2. Almost. There shouldn't be a minus sign, and the "e" disappeared.
well actually i have two quick questions. i am doing a problem and i wanted to make sure my thought process was correct.
1. when you have an integral, lets say inside the integral is 3*e^((1/2)*sin (2t)dt) with the limits running from 0 to x, if I wanted to take the derivative of this integral then that would simply remove the integral and leave me with the function at the endpoints of 0, and x? so i would have 3*e^((1/2)*sin (2(x)) dt - 3*e^((1/2)*sin (2(0)) dt ? is this correct?
2. my second question is on taking the derivative of the function y= e^(-(1/2)*sin(2x)). to do this derivative i could say -2*(1/2)*cos(2x)?
thanks in advance
i am sorry let me retype the original problem again...

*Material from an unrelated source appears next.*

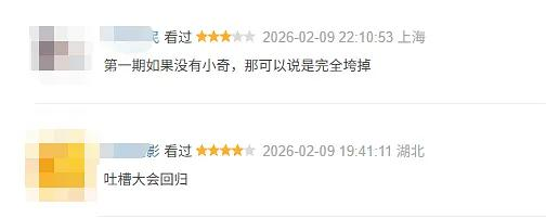 不同于我对隔壁《今夜喜友秀》看一期骂一期发的影评,主咖我十期看完了才说的n我会说我个人对每一期的评价和整体汇总以及一些观影推荐nn先说总体吧,如果单论这当节目,我可能觉得8分上下吧,有好看的,有无聊的,反正我笑得还算多n整体瑕不掩瑜,还是可以看看的至少及格以上甚至优良的水准,但是在对面那个烂到极致的节目的衬托下,我觉得主咖可以称为神作,真的,没开玩笑nn如果觉得我夸张了去看看对面节目就知道了nn然后每一期都说一说nn第一期n说唱专场Diss and loven整体挺搞笑的,开播有惊喜,脱口秀演员不用说挺好的,范志毅说脱口秀真的意外的好,几个rapper也都说得挺好的,小奇真的太棒了这场还是很推荐的nn第二期n人生不怕重头再来,刘晓庆专场n呼兰说得挺好的,晓卉也不错,嘉宾的话,真的牛在在和耿大勇完全就是通过这档节目认识的,太冷门的两个人了……但有一说一,牛在在讲的其实也还行,反正比我预期的好,我以为会和上过吐槽大会的那个不知名小鲜肉徐浩一样,没错我刚刚特意问了一下ai才想起他的名字n刘晓庆这里说的比在对面好了不知道多少倍,范志毅也好的,剩下的其实也还好吧,没有特别差劲的,反正都能听听n刘晓庆没有参与投票但是被选为talking真的蛮好玩的,节目效果这一块hhhn不算推荐但是可以看看,不算差nn第三期n乐子人主题n我个人其实不是很喜欢这场,感觉所有人说的都一样,来来回回就是吐槽张维伊那几个点和管乐房子乱,真敢说的话应该吐槽管乐把粉丝礼物送人却留着前男友的东西之类的,这点说的有但少,甚至是管乐自己在那来了个奇奇怪怪的道歉?反正我觉得没啥诚意n脱口秀演员依旧好的,谢依霖不错的,反正我挺喜欢她的hhh,颜安好不好笑不说,但是挺活泼的,讲的……说得过去?张维伊其实说的还行吧?范志毅说的也不错n武艺,说的挺无聊的……向佐,抽象依旧n整体,也算能看吧,凑活吧,不过记得把武艺跳过,搞笑的还是脱口秀演员,剩下的无功无过,不过管乐最后两分钟也跳过好了,吐槽大会又不是道歉发布会nn第四期n中女专场n脱口秀演员说的不错,鸟鸟真的太好了,步惊云也不错,刘德华(江梓浩自称)也还行吧,反正对比当年有进步hhh,宋祖儿前面这一段挺好玩的,剩下的……黄圣依还行?然后……没啥好说的搞笑点但是不多n最后talk Queen好评n整体还不如第三期,粉丝去看,不是粉丝的看看脱口秀演员也就差不多了,反正我不太喜欢嘉宾的人生小感悟nn第五期n老年人专场n老人就是放的开,真吐槽啊n其实说的都还可以每个人还都有自己独特的风格,但是你说有多好笑呢,也没有吧,不过能看nn第六期n高光时刻专场(没有关系的一群人专场)n两个搞电竞的就是看着提词器念稿,差评,然后我没关注过这种,他们的梗我不懂,全程基本没怎么笑n蒲熠星我都没想通他来这干嘛,不应该在什么类似于最强大脑的节目吗,不过讲的其实还行但是槽点用的是大冰的梗……挺奇怪的n整场最好笑的就是小奇吐槽蒲熠星,还有赛级广东人仁科,真的太好玩了hhhn范志毅也还好吧,没前几期那么好但也没有特别差n林书豪,国语还行吧,不要为难abc了,能完整的较为流利的说出稿子就还行了n整体还行吧,电竞的两个人是这个圈子的看不是的就跳过,小奇和仁科的看看,还有何广智,范志毅也可以,林书豪和蒲熠星也还行吧?看个人喜好了nn第七期n谢谢(好像是这个吧?反正也像是临时凑的一帮人)n何洁真的好爱乐啊,真的一直笑。讲的不错的依旧是脱口秀演员,漫才兄弟比我想象的好,看到他们的时候还疑惑漫才怎么吐槽,反正最后效果不错,高寒的话这一场就指着阎鹤祥骂啊,但阎鹤祥本身槽点也不多,所以这一场个人认为高寒表现不算好的,剩下的就没啥好说的,阎鹤祥的脱口秀我一直说不上喜欢,一直觉得没啥梗,然后苏醒好帅hhhn何洁讲的不错的n整体也就是能看的水准,其实不看也行,这期和乐子人那期差不多,也就几个点来回说,没意思nn第八期n音乐专场n腾格尔还行吧,主要是喜欢大爷,两个脱口秀演员都不错,我以为贾耗是比较客气的那种人,结果说的挺好的,者来女挺放的开的,然后白小白和梁源我是爱看的,但我不知道没有看《有歌2》的人能不能看得懂,反正我觉得应该可以吧?没有什么需要解释的梗,白小白说的不错的,梁源……梁源你道歉,这是人身攻击(有歌的梗hhh)n总体这一期也还行吧,能看,也没有特别好,也没有特别差nn第九期n演员专场n哇塞,这一期真好笑,好评n全员表现都好,李雪琴和徐志胜怎么不算荣归故里呢?hhh脱口秀出来走的最远的两个人,李雪琴确实好像脱3出去后没怎么说过脱口秀了,有点生疏的,提词器看的挺明显的,不过还是很棒的,吐槽的也够狠,还有雪国列车,什么时代的眼泪啊n徐志胜真的,不忘本,他即使脱口秀水平下降也在比赛,他可以像李雪琴一样不来的,但他还在比还在说,这点真的很好,讲的也还是不错的n鸟鸟,文本届最严厉的母亲,文本真的太好了,希望她多上台好吗?真的很喜欢她n脱口秀演员好像就差小奇了,也说一下吧,真的很好啊,就是好笑,喜欢,然后范志毅也是依旧稳定发挥,不差的n严屹宽,意外不错,演员台词功底还是很好的,没想到他也是上海人,他口音真的几乎听不出来,和范志毅讲上海话那段我喜欢hhhn徐艺真,不看短剧不认识,就是这段脱口秀来说还挺好的,讲的不错,看起来有一种莫名的霸道感?讲的也是不错的,有笑点n纪凌尘,很迷惑的

y= e^((-1/2)*sin(2x)) * (integral(3*e^((1/2)*sin(2t)) dt+ c1)) i hope this is better. the first part is y = e raised to the stuff, where the stuff is -1/2 times sin 2x, this is times the integral of
stuff, where the stuff equals 3 times e raised to the 1/2 times sin 2t, dt + c1. so to take the derivative of this function, i used the formula that halls posted earlier.
y' = would be just the product rule of the function. and after doing this problem i ordered some books on latex, i will work on a more suitable notation, that is more clearly understood.